— Collected data —
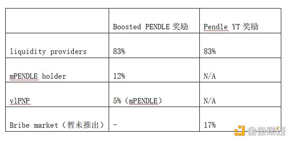 用户可通过Penpie将PENDLE转换为mPENDLE,协议则收集来的PENDLE质押为vePENDLE为LP实现挖矿boost。Boost收入将83%分配给LP,12%分配给mPENDLE holder,5%分配给vlPNP。团队计划将vePENDLE权益中的YT奖励的17%分配给Bribe市场,但目前仍未上线。
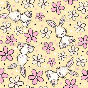 Bunnies and Daisy Flowers Soft Yellow
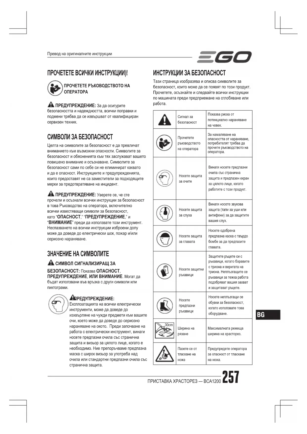 Сигнал за безопасностПоказва риска от потенциално нараняване на човек.Прочетете ръководството на оператораЗа намаляване на опасността от нараняване, потребителят трябва да прочете ръководството на оператора.Носете защита за очитеВинаги носете предпазни очила със странична защита и предпазен екран за цялото лице, когато работите с този продукт.Носете защита за слухаВинаги носете звукова защита (тапи за уши или антифони) за да защитите вашия слух.Носете защита за главатаНосете одобрена предпазна каска с твърдо бомбе за да предпазите главата.Носете защитни ръкавициЗащитете ръцете си с ръкавици, когато боравите с триона и веригата на триона. Неплъзгащите се ръкавици за тежка работа подобряват вашия захват и защитават ръцете.Носете предпазни ръкавициНосете неплъзгащи се обувки за безопасност, когато използвате това оборудване. 30cm Ширина на рязанеМаксималната режеща ширина на храсторез.Пазете се от тласкане на Предупредете оператора за опасност от тласкане на ножа. Превод на оригиналните инструкцииПРИСТАВКА ХРАСТОРЕЗ — BCA1200258
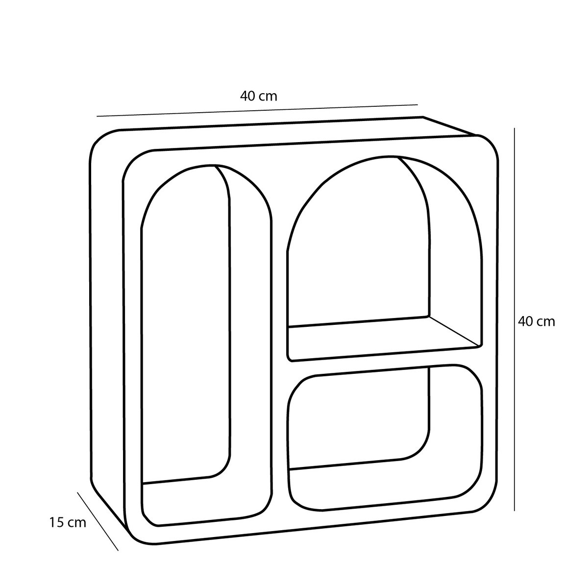 Minimalistisch und elegant: Der Frati Wandschrank von Mica Decorations ist die perfekte Ergänzung für Räume im modernen Stil. Der offene Wandschrank hat eine cremefarbene Farbe und verfügt über drei Fächer in unterschiedlichen Formen, die Platz für verschiedene Dekorationen bieten, ideal! Platzieren Sie beispielsweise Bücher, Bilderrahmen oder Figuren in den Fächern. Damit wird eine kahle Wand garantiert zum Strahlen gebracht! Der Schrank besteht aus FSC®-zertifiziertem MDF und ist 40 cm lang, 15 cm breit und 40 cm hoch und hat eine maximale Belastbarkeit von 6 kg.

— The problem —
Copy out every line of the data exactly, leaving the images behind.

— Task output —
 用户可通过Penpie将PENDLE转换为mPENDLE,协议则收集来的PENDLE质押为vePENDLE为LP实现挖矿boost。Boost收入将83%分配给LP,12%分配给mPENDLE holder,5%分配给vlPNP。团队计划将vePENDLE权益中的YT奖励的17%分配给Bribe市场,但目前仍未上线。
 Bunnies and Daisy Flowers Soft Yellow
 Сигнал за безопасностПоказва риска от потенциално нараняване на човек.Прочетете ръководството на оператораЗа намаляване на опасността от нараняване, потребителят трябва да прочете ръководството на оператора.Носете защита за очитеВинаги носете предпазни очила със странична защита и предпазен екран за цялото лице, когато работите с този продукт.Носете защита за слухаВинаги носете звукова защита (тапи за уши или антифони) за да защитите вашия слух.Носете защита за главатаНосете одобрена предпазна каска с твърдо бомбе за да предпазите главата.Носете защитни ръкавициЗащитете ръцете си с ръкавици, когато боравите с триона и веригата на триона. Неплъзгащите се ръкавици за тежка работа подобряват вашия захват и защитават ръцете.Носете предпазни ръкавициНосете неплъзгащи се обувки за безопасност, когато използвате това оборудване. 30cm Ширина на рязанеМаксималната режеща ширина на храсторез.Пазете се от тласкане на Предупредете оператора за опасност от тласкане на ножа. Превод на оригиналните инструкцииПРИСТАВКА ХРАСТОРЕЗ — BCA1200258
 Minimalistisch und elegant: Der Frati Wandschrank von Mica Decorations ist die perfekte Ergänzung für Räume im modernen Stil. Der offene Wandschrank hat eine cremefarbene Farbe und verfügt über drei Fächer in unterschiedlichen Formen, die Platz für verschiedene Dekorationen bieten, ideal! Platzieren Sie beispielsweise Bücher, Bilderrahmen oder Figuren in den Fächern. Damit wird eine kahle Wand garantiert zum Strahlen gebracht! Der Schrank besteht aus FSC®-zertifiziertem MDF und ist 40 cm lang, 15 cm breit und 40 cm hoch und hat eine maximale Belastbarkeit von 6 kg.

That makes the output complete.